I've been in a few hurricanes. All have been different, but none have been what is hyped on the news.
Bonnie was the first. It was one of those Gulf hurricanes predicted to be a tropical storm, but strengthen rapidly and come ashore as a category 1 hurricane. There were no widespread evacuations and the surge was around 6 feet. The biggest affects were along the coast. It washed away a section of highway on Texas 87, which was determined as too costly to repair and maintain.
Bonnie came ashore during early morning. The sustained winds, when they reached my house, were probably around 65 mph. That's far from the hurricane force winds, but it was still enough to peel sections of roof from my house. I can only describe the sound as like a giant zipper being unzipped. Repairs involved all of the next weekend, but the house stood. The eye passed about 10 miles away. I didn't see the eye, but I did see the clouds become lighter and noticed the wind shift. I was without power for a few days.

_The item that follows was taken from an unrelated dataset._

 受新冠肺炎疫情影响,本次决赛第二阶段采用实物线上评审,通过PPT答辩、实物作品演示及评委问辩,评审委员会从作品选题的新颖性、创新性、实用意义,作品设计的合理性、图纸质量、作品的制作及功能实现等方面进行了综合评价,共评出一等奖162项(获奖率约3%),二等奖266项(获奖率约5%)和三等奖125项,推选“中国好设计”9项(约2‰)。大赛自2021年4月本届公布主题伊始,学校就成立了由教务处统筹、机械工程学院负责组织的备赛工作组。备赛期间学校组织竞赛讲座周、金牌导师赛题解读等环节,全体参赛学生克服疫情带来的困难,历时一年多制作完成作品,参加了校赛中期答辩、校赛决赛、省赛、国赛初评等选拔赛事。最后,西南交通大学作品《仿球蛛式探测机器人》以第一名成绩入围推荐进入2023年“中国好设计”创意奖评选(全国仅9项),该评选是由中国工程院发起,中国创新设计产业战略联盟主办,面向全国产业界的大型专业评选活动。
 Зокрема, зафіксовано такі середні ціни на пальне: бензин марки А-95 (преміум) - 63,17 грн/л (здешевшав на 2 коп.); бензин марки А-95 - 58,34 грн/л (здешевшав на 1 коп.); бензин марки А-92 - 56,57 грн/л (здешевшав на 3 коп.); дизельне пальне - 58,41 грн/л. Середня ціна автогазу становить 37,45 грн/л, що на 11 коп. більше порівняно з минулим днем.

After Bonnie, there was a hurricane about one year later. It was like Bonnie, as far as where it formed and how it behaved. I was far enough from the center that there were only tropical force winds. I didn't receive any damage or lose power.
Another storm struck the west end of Galveston Island a few years later. It was a strange storm since the usual wet Northeast Quadrant was dry. Instead of causing widespread rains, the storm blew in millions of mosquitos from the marsh. Since I was without power for a few days, it was miserable to be outside at night. The mosquitos would cover my skin to where only a little of the skin was visible. I didn't have a generator, so it was misrable in the heat, both day and night. I didn't receive any damage.
Rita was the next memorable storm. I evacuated, but wished I hadn't.(I'll elaborate further into my post.) Damage was minimal and I was without power for about 2 weeks. I had a generator to keep one room cool with a window unit, and power to my water well.
Ike was next. I felt Ike would end up over one hundred miles down the coast, so I didn't evacuate. Eventually, Ike proved me wrong and came ashore about 60 miles away, as the crow flies. The maximum winds at my house were around 85 mph and the eye eventually passed around 40 miles away. Damage was minimal for me, but the tremendous surge of Ike pushed water into places that hadn't been inundated by a surge in around 100 years. The damage was horrific to see. Entire areas literally diappeared and some were killed when they didn't evacuate. I was without power for about a week, but I had a generator to shift between the appliances and keep things somewhat normal.
All in all, sitting through a storm, in my opinion, is much better than the worrying in a strange place. I felt more relaxed during the worst of Ike than I did 300 miles from the coast during Rita.
An old man told me: "You don't run from the wind, but you run from the water." My experience has shown this to be wise in my part of the world. If you're above the highest point of a surge, the winds are not nearly as bad as you would think and you don't have to worry about a storm surge.
Am I saying don't evacuate? No, but I am saying the wisest thing to do is not panic, make logical decisions on your actions and never expect any help from a government agency. Emergency management can be as feckless as any government bureaucracy. Depending on that help can be a lesson in futility. Depend on yourself, keep enough drinking water to last a week, have plenty of non-perishables and never be without a flashlight. It's your friend. When widespread areas are without power, nights are the darkest you'll ever experience.
I've found the best resource after a storm were my friends, neighbors and even strangers. There's a strong effort to regain what once was normal. Everyone pitches in with helping to remove trees, temporary repairs and share the food they would lose if they didn't throw it on the pit after it thawed. Terrible times, become treasured memories. You realize your strengths, and weaknesses, but you increase your faith in yourself and the human race.